▶ **Task description**
When the line containing "Veidrodis Laufen FRAME" appears in the entries below, begin printing there and stop after the line containing "近日,市民马先生专程前往昆山"; print each of those lines exactly and no other line.

▶ **Data shown**
● ● ● ● ● ● ●

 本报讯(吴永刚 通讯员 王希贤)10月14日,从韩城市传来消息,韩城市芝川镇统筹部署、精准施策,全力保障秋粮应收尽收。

● ● ● ● ● ● ●

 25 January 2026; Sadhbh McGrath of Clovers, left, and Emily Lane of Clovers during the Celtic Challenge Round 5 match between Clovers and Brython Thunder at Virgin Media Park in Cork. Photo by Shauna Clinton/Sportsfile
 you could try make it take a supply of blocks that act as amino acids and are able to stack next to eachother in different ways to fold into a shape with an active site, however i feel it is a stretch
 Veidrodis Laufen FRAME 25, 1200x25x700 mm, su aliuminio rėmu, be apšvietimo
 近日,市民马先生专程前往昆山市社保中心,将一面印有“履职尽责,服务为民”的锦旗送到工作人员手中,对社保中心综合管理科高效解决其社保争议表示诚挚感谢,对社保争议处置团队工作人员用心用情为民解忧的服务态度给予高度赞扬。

● ● ● ● ● ● ●

▶ **Answer to this exercise**
 Veidrodis Laufen FRAME 25, 1200x25x700 mm, su aliuminio rėmu, be apšvietimo
 近日,市民马先生专程前往昆山市社保中心,将一面印有“履职尽责,服务为民”的锦旗送到工作人员手中,对社保中心综合管理科高效解决其社保争议表示诚挚感谢,对社保争议处置团队工作人员用心用情为民解忧的服务态度给予高度赞扬。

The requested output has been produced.